Monday, August 26, 2013

Addressing Suicide

Yesterday a 13 year old boy in a neighboring community took his own life.  This tragic loss of life has left behind a grieving family and a community struggling to find answers.  As hard as it is to comprehend suicide as an adult, it is even harder for kids.  So, how do we help our children find the help, comfort, and support they will need in the coming days and weeks?

HELPING YOUR CHILD COPE WITH SUICIDE
- Acknowledge the sadness of this tragedy.  Affirm the emotions they are feeling.
- Answer their questions as factually as possible. You may not have all of the answers.
- Encourage your child to talk about the deceased. Recounting fond memories and talking about their common interests and experiences is healthy.
- Your child may benefit from talking with someone such as a pastor, family friend, counselor, coach or other trusted adult about their feelings and concerns. Help them seek out those people.
- Do not shy away from answering your child's questions and helping them process their feelings, but try to avoid focusing on the act of suicide itself.
- Be aware that overemphasis of the suicidal act may be interpreted by vulnerable students as a glamorization of the suicidal act, which can assign idolized status to taking one's own life.


WHAT HAPPENS NEXT?
- Talk with your child about attending the funeral service. Allow them to attend if they desire. If they have never attended a funeral, talk with them about what will happen, what they will see, and what they will do. Also talk with them about what to say to family and friends who are grieving.

- Help them understand the stages of grief:  (for more information click HERE)
            1. Denial/Numbness/Shock
            2.  Bargaining
            3.  Depression/Sadness
            4.  Anger
            5.  Acceptance
Let them know that experiencing these emotions is a normal part of the grieving process.  There is no set time limit.  Everyone will move through these stages at a different pace.  At times, they may repeat certain stages.  Knowing what emotions to expect, and understanding the process can help children cope with the loss. 
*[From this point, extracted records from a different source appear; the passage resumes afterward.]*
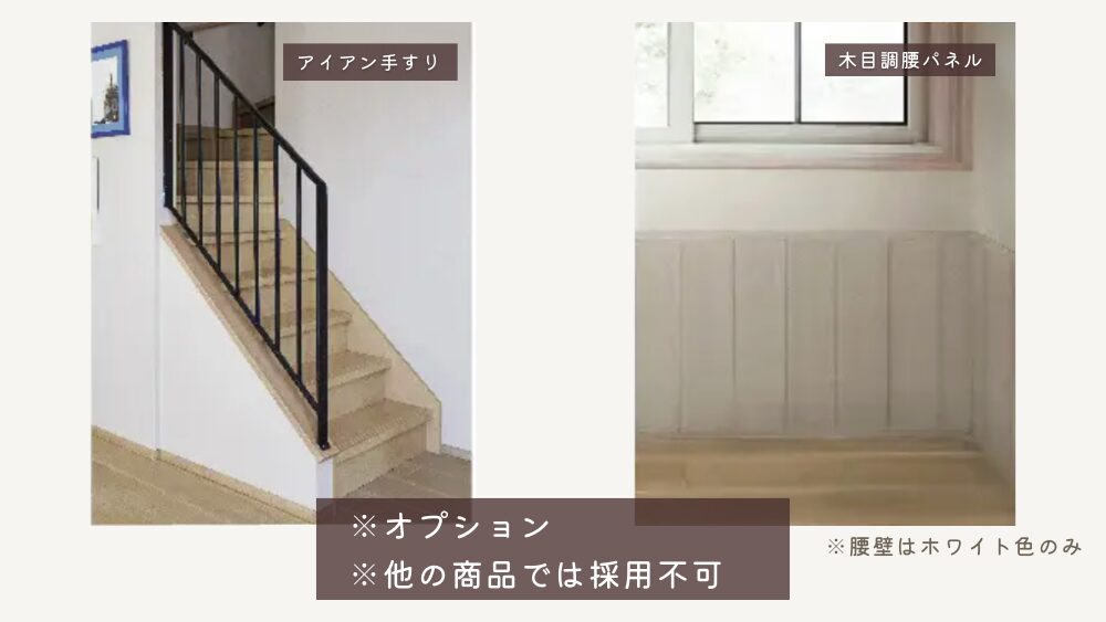 ナチュリアでは、北欧風の雰囲気を演出できるアイアン手すりや木目調の腰パネルを採用することができます。
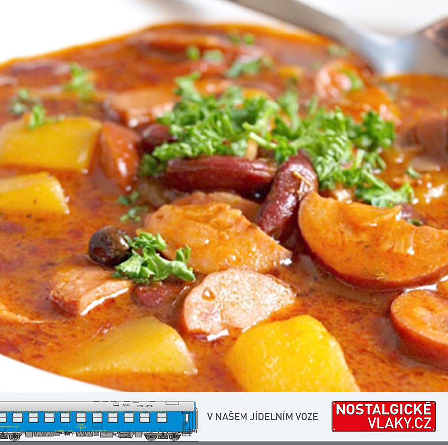 Chalupářský buřtguláš, pečivo (24.8. Oběd)
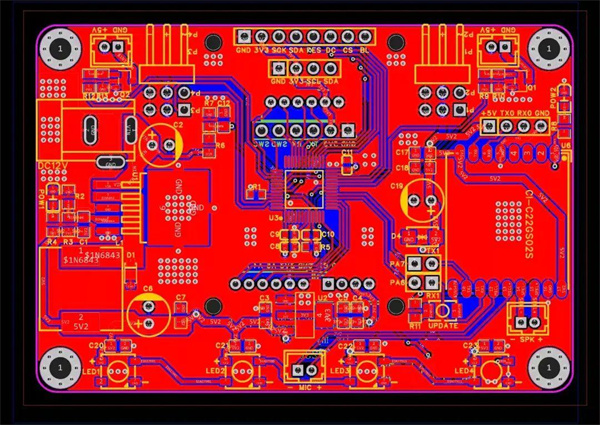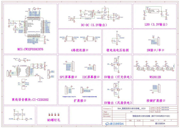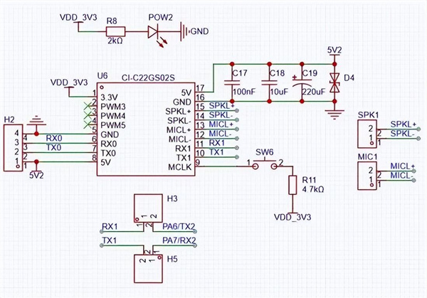 本次設計采用武漢芯源半導體的CW32F030C8T6作為主控,主要負責和離線語音模塊的串口通訊,負責輸出4路PWM信號、驅動IPS顯示屏、控制2路MOS驅動電路(控制風扇和燈光)、驅動4個WS2812B燈。語音識模塊采用啟英泰倫CI-C22GS02模塊(主芯片采用Cl1122,支持本地200條命令詞以下的離線語音識別),主要負責語音識別和播報語音,可通過串口與MCU通訊。

- Help your child find positive ways to cope:  writing their emotions and thoughts in a journal, physical activity, talking with empathetic adults/peers, continuing activities such as music lessons, scouts, youth group, sports, etc.
- Maintain as much normalcy in your daily life while still being sensitive to the events and emotions that your child is experiencing.


There is no exact formula to help your child cope.  It will be sad for many people involved including you.  Being present and letting your child know that you are here for them is the most important step you can take during this time.  As their emotions change, continue to remind them that you are available to listen whenever they are ready to talk.  If they are not ready now, they may be in the future.